> **Assigned task**
Please retype the records below exactly, from the first line through the line containing "我這次,正好就走近了紅色的山", and leave out any pictures.

[Collection entries]
---*---
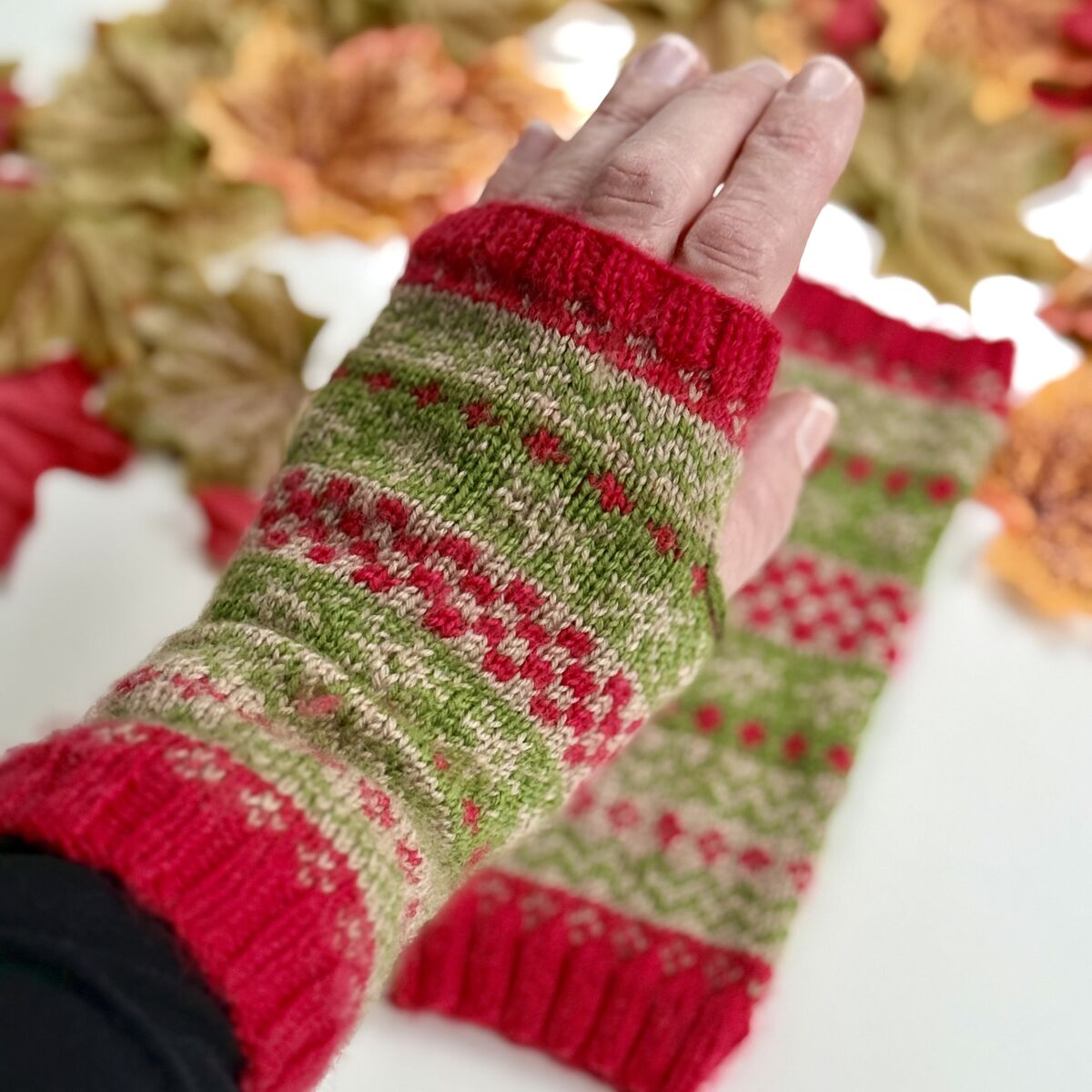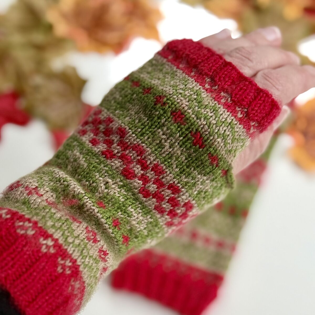 Hand Knitted Wrist Warmers Red, Green Fairisle
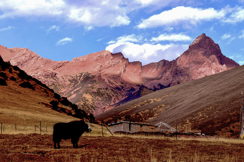 我這次,正好就走近了紅色的山,走進了青藏東南緣橫斷山北部、康巴高原新龍的紅山懷抱,它藏名叫“絨多巴日”,當(dāng)?shù)厝硕己喎Q它紅山,也稱它為銅色吉祥山或蓮花生銅色光明宮。
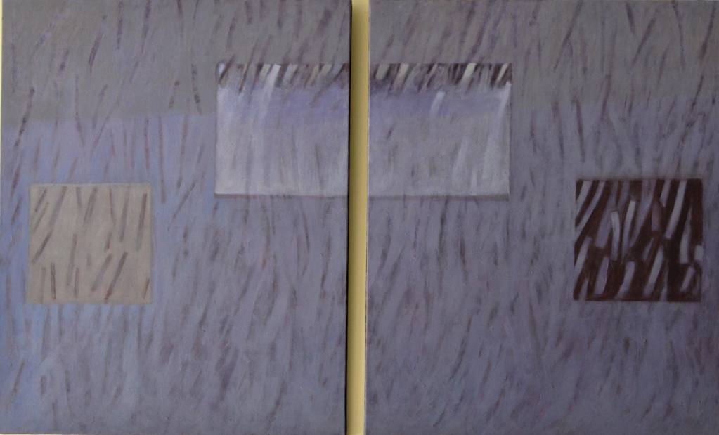 Na obrazie widzimy intrygującą kompozycję złożoną z odcieni szarości, beżu i delikatnego fioletu. Prostokąty i kwadraty są rozmieszczone na tle pełnym subtelnych, pionowych kresek, które nadają całemu dziełu rytmiczny charakter. Całość wydaje się zamyślona, spokojna i nieco tajemnicza. Wydaje się, że każdy element współgra z kolejnym, tworząc wizualną symfonię, która jednocześnie koi i zaciekawia. W stylu można dostrzec nawiązanie do minimalizmu, z wyraźnym akcentem na geometrię i prostotę formy. Obraz może budzić w widzu uczucie odprężenia, a może nawet refleksji nad prostotą życia. To trochę jak patrzenie na deszcz za oknem. Albo po prostu - po prostu piękne. Czuje się w nim coś organicznego, jakby artysta celowo pokazał nam, że nawet najprostsze formy mogą być pełne życia. Technika jest delikatna, lecz zdecydowana. Ta delikatność formy i koloru sprawia, że patrząc na to dzieło, czujemy się, jakby czas się zatrzymał. Trochę zastanawiam się, co artysta myślał podczas tworzenia. To jeden z tych obrazów, które nie narzucają się widzowi. Let's say, it's calming. Jakby wołał "patrz na mnie, ale nie musisz mnie rozumieć". Taka sztuka to dialog z widzem, który nie kończy się po jednym spojrzeniu. Jakby mój piesek zjadł kredki i namalował świat przyrody. Co ciekawe, mimo braku jaskrawych kolorów, dzieło nie traci na wyrazistości – zadziwia swoją prostotą i głębią równocześnie.
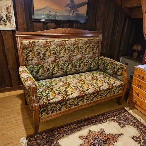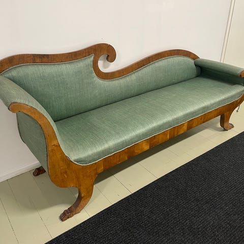 Charmig liten soffa i gott skick. Höjd 72 cm, bredd 97 cm, djup 43 cm. Fraktkostnad efter överenskommelse.
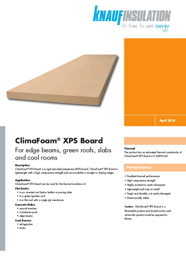 ClimaFoam ® XPS Board is 0.028W/mK.
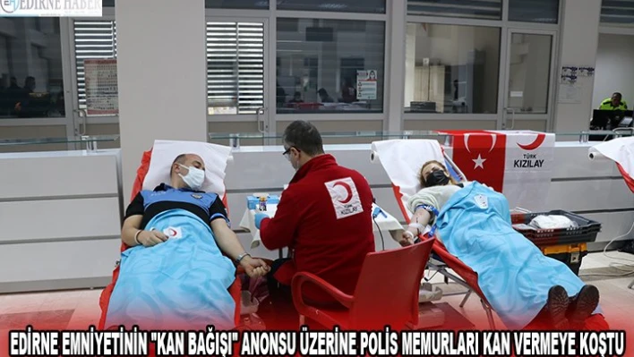 Edirne Emniyet Müdürlüğü haber merkezinin "kan bağışı" anonsunu duyan polis memurları, kan vermeye koştu
---*---
> **Expected answer**
 Hand Knitted Wrist Warmers Red, Green Fairisle
 我這次,正好就走近了紅色的山,走進了青藏東南緣橫斷山北部、康巴高原新龍的紅山懷抱,它藏名叫“絨多巴日”,當(dāng)?shù)厝硕己喎Q它紅山,也稱它為銅色吉祥山或蓮花生銅色光明宮。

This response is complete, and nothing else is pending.